Estimei saber que a saúde não vai pior. Mas esse problema da casa, não deve ajudá-lo nada a sanar. O melhor, se pudesse e fosse realmente... melhor, seria voltar. Mas quando será isso? Está decidido a abrir uma garrafa de champanhe no dia em que entrar nos Estúdios Cor. Decidi eu agora, ao escrever, mas os "patrões" não vao fora disso, com certeza...
Esta carta é toda ela não-comercial. Nem cheque (ainda é cedo), nem estatística (a doença dum empregado atrasou-ma). E não esperou UM MÊS! Não são tempos, mas a falta de tempo, que me não permite escrever-lhe tanto quanto gostaria, e se esta carta não é um primor de optimismo, é pelo menos uma "voz" cá deste lado, a voz de um amigo que o não esquece.
Abraça-o o seu muito grato
José Saramago
P.S. - Junto a carta-confirmação da sua autorização para a 2a. edição, assinada pelo Canhão em representação da... gerência. E acuso a recepção do... recibo dos cheques que foram com a minha carta de 22 de Abril.

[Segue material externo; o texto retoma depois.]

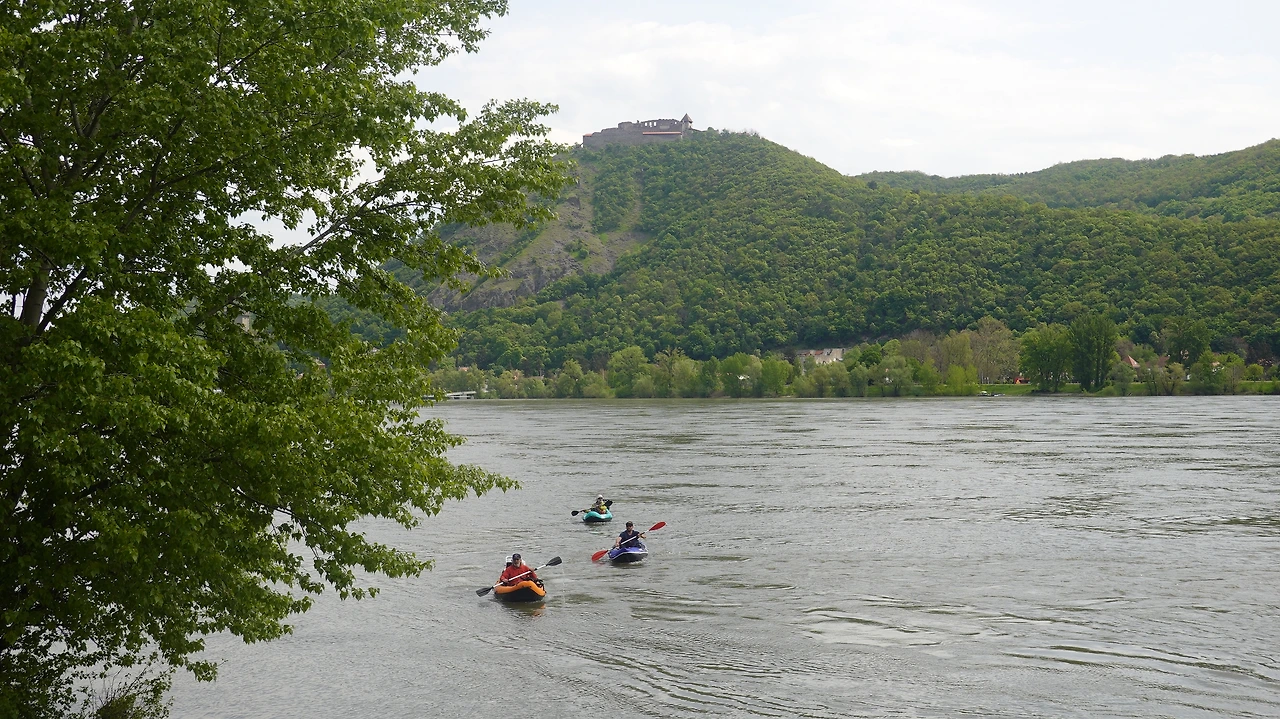 다뉴브강을 따라 한가롭게 카약을 즐기는 사람도 보인다.

*NR A Escola do Paraíso (1960), é o segundo romance de José Rodirgues Miguéis, e tendo por narrador uma criança dá um admirável 'retrato e testemunho do período final da Monarquia e do advento da República, bem como da Lisboa dessa época.
publicado inicialmente no Jornal de Letras, ed. especial, 1-14 de julho de 2009.